Crucial challenges CIOs in insurance can expect because of COVID19

21 jan 2021

Crucial challenges CIOs in insurance can expect because of COVID19

As the world moves forward from the pandemic, Andrew Jenkins, Principal in the CIO & Technology Officers Practice, discusses five challenges CIOs will encounter.

The pandemic has seen a surge in digital transformation, where organisations have had to integrate disparate systems and data structures at a faster rate and with new complications. This has put greater demand on CIOs, especially those in the insurance sector where technology adoption and implementation can face more hurdles than other financial services sectors. These are the challenges they will be faced with:

1. Agility – executing transformation remotely

Agile transformation is not a new concept but since the pandemic it has taken on a new meaning. Previously, the process of reacting rapidly to change could rely on quick communication and physical interaction, but this was stunted when countries were faced with lockdown and still are. CIOs are continually faced with hurdles when trying to introduce Agile programmes with a remote workforce. But the implementation of technology is vital to create a collaborative environment so that employees do not feel disconnected.

2. Mindset – a cultural shift is needed to improve the customer experience

Through digital transformation, the customer experience is constantly evolving. However, many insurers have simply seen digital transformation as a way to drive cost efficiency. To transform the approach to customer engagement down the organisation, the CIO must now change the cultural mindset of the leadership team and show them that digital innovation is essential to improve the customer end-to-end journey which is more profitable than reducing back-end costs.

3. Adaptability – using public and private cloud platforms to enhance your business

Much like changing the mindset of executives around digital innovation, CIOs need to showcase the power of cloud technology to the leadership team. Using cloud platforms improves how an organisation’s data is stored and managed, which for many insurers means modernising their legacy infrastructure. However, cloud technology gives more visibility and clarity, improving the speed to market for new products, enhancing the claims experience for customers and ultimately helping firms expand globally.

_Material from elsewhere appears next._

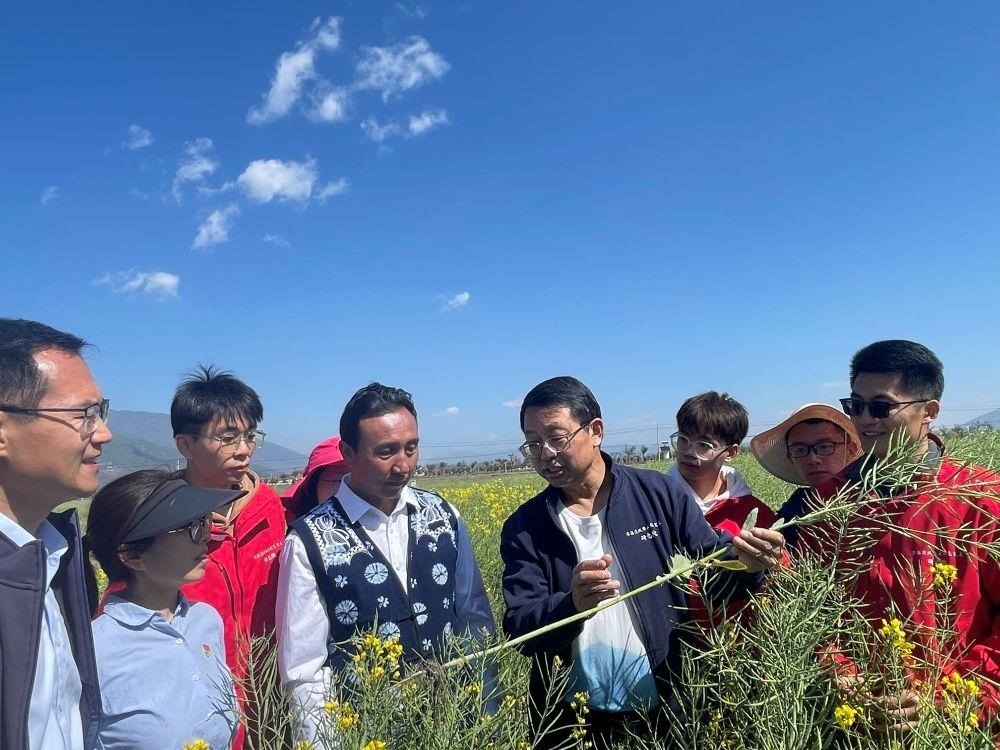 中國農(nóng)業(yè)大學(xué)教授張福鎖(右四)帶領(lǐng)科技小院師生與農(nóng)戶交流種植心得。

4. Flexibility – creating a hybrid workforce for employees

The future of work does not see people in an office full time, but a hybrid of on-site and remote working. This is a lifestyle employees will now expect, so CIOs must deliver a technology infrastructure that brings the collaborative effort of working in an office to people’s homes. They will need technology that will keep teams connected, ensure visibility so that remote and on-site employees are performance managed equally and not lose the ‘water cooler’ moments remotely.

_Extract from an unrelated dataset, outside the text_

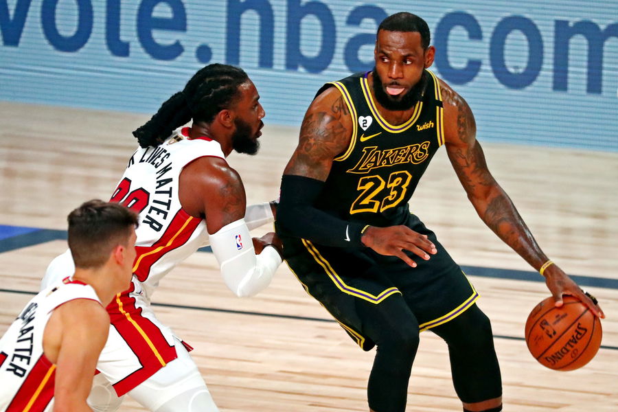 Los Angeles Lakers forward LeBron James handles the ball against Miami Heat forward Jae Crowder during the first quarter in game five of the 2020 NBA Finals. Mandatory Credit: Kim Klement-USA TODAY Sports

5. Leadership traits have changed

2020 saw a shift in leadership traits, where adaptability, agility and resilience became key. Those that have been able to tackle the crisis have made brave decisions at speed and have the vision to see where they need to adapt the organisation’s culture to be successful but also reignite a sense of purpose. This has put CIOs under a lot of pressure, and they’ve found themselves in the pole position to deliver this is technology, and transition their organisation into a new era through digital innovation.

This shift has been especially difficult for CIOs in insurance as they are trying to redefine a traditional company culture that does not see the power of cloud technology, big data analytics or understand the value of digital transformation for the customer experience. To come out on top, the CIO must educate their executive team to embrace and believe in innovation as the world has changed.